23

—Sacadla de aquí, ¿me habéis escuchado? ¡Sacadla de aquí, antes de que cometa una barbaridad!

—Ya basta, Lisle —intervino William—. Ya es suficiente.

—No, maldita sea, no lo es. No sé cómo lo ha hecho, pero sé que esto es cosa suya. Siempre que sucede algo esa maldita loca está cerca. Si alguien le ha hecho daño a Anna por su culpa, acabaré con ella. ¿Me oyes, Julia? —gritó por encima del hombro de William.

Pero Julia no se amilanó, y sonrió con arrogancia.

—No sé de qué estás hablando, John. Fue ella quien mandó una nota a William para encontrarse aquí.
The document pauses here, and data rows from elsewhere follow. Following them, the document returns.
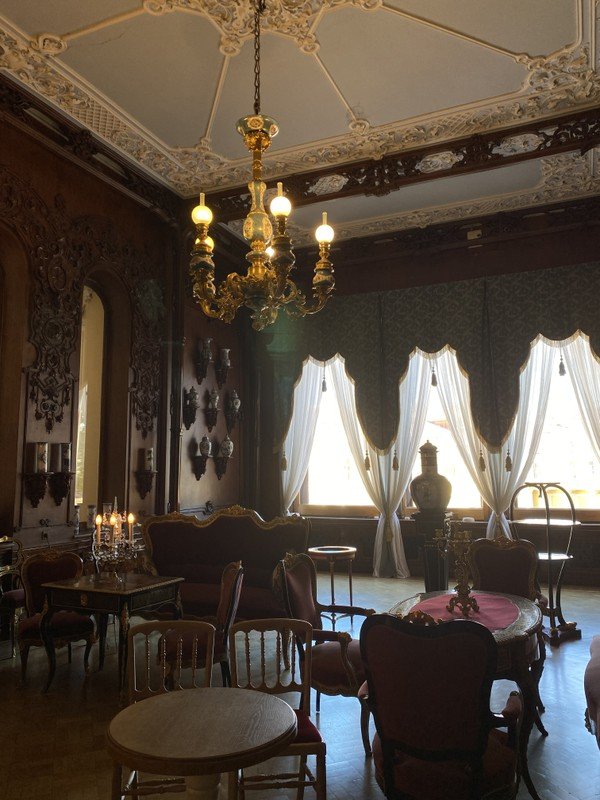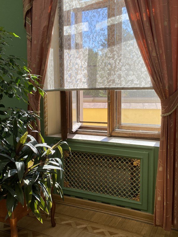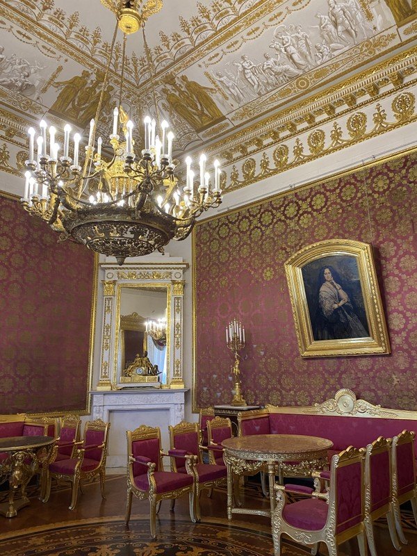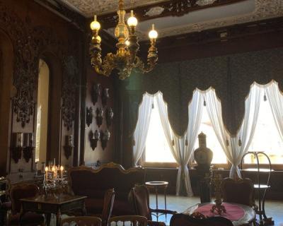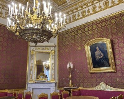 - Красная гостиная — роскошный зал в насыщенных тонах, хранящий воспоминания о великосветских собраниях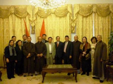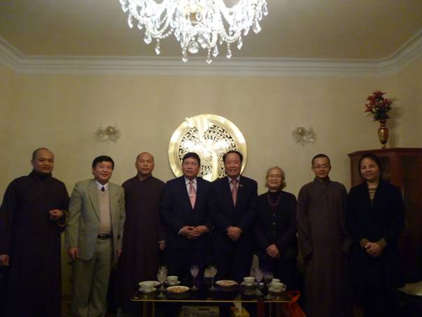 Trong chuyến hoằng pháp đầu xuân, đoàn cũng đã tới viếng thăm Đại sứ quán Việt Nam tại Cộng hòa Hungary. Tại đây, ông Ngô Duy Ngọ cùng hai vị Tham tán công sứ cộng đồng đã đón tiếp phái đoàn trong không khí ấm tình quê hương. Đại sứ Ngô Duy Ngọ đã chia sẻ những thông tin về Hungaria và tình hình bà con Việt kiều nơi đây. Ông khẳng định sẽ tiếp tục hỗ trợ những hoạt động Phật giáo để giúp bà con đi theo chính pháp, để giữ gìn và bảo tồn văn hóa truyền thống Việt Nam.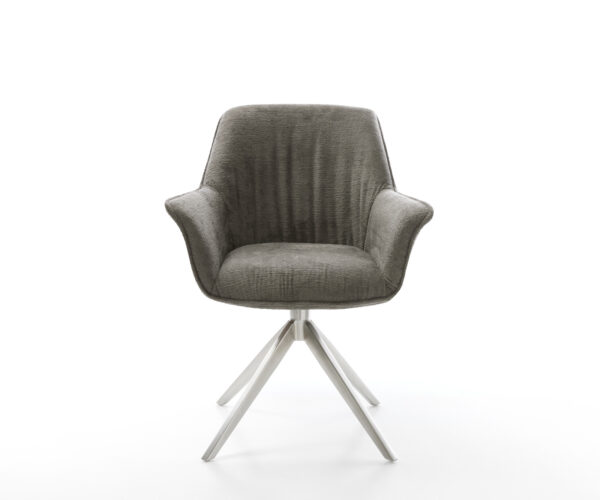 Jedálenská stolička Keila-Flex s opierkami bouclé mäkký tmavobéžová krížová podstava široká nerezová oceľ 360° otočný hojdacia funkcia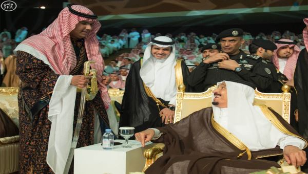 الأمير راكان بن سلمان قدم السيف لوالده ليشارك في العرضة السعودية التي أقيمت في حفل التخريج المصغر، وأبكى الموقف الملك سلمان وهو يشاهد نجله الصغير قد أنهى تعليمه بنجاح.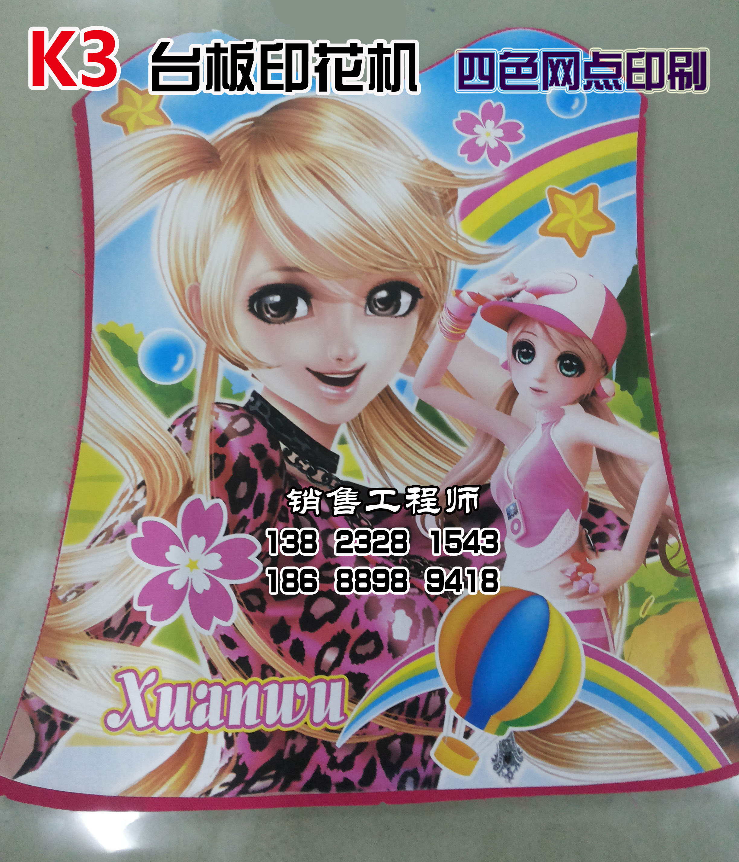 4.適用范圍廣:人工跑臺能印的工藝,K3臺板印花機(jī)同樣適合,且印得更好。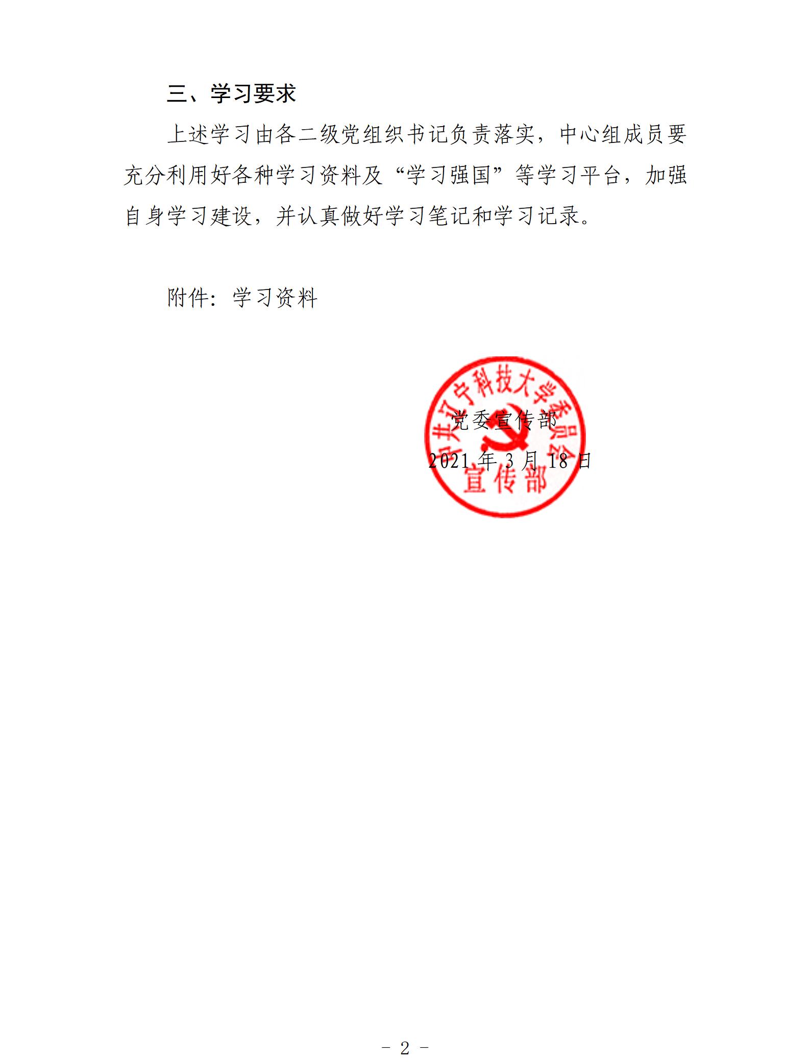 2021年3月党委理论学习中心组学习安排意见

—¿Y tú cómo lo sabes, Julia? —la interrumpió William con el ceño fruncido—. ¿Cómo es posible que sepas algo así? Solo Sarah y yo sabíamos que recibí esa nota.

La sonrisa de suficiencia de Julia decayó. Sir Howard parecía incómodo. John avanzó un paso hacia ella, temblando de furia.

—Te juro que si vuelves a molestarnos a cualquiera de los dos me plantaré delante de tu marido y no me moveré hasta que te encierre. Y puedes estar segura de que cuando le cuente lo que estás haciendo comprenderá que es la única opción que tiene para salvar a sus hijos de la vergüenza de tener una madre perturbada.

Con un grito de furia, Julia alzó la mano y trató de abofetear a John, pero este agarró su muñeca y detuvo el ataque.

—¡Maldito hijo de perra! —gritó con el rostro congestionado—. Te crees demasiado bueno para mí, ¿no es cierto? Sois tal para cual, la zorra y tú.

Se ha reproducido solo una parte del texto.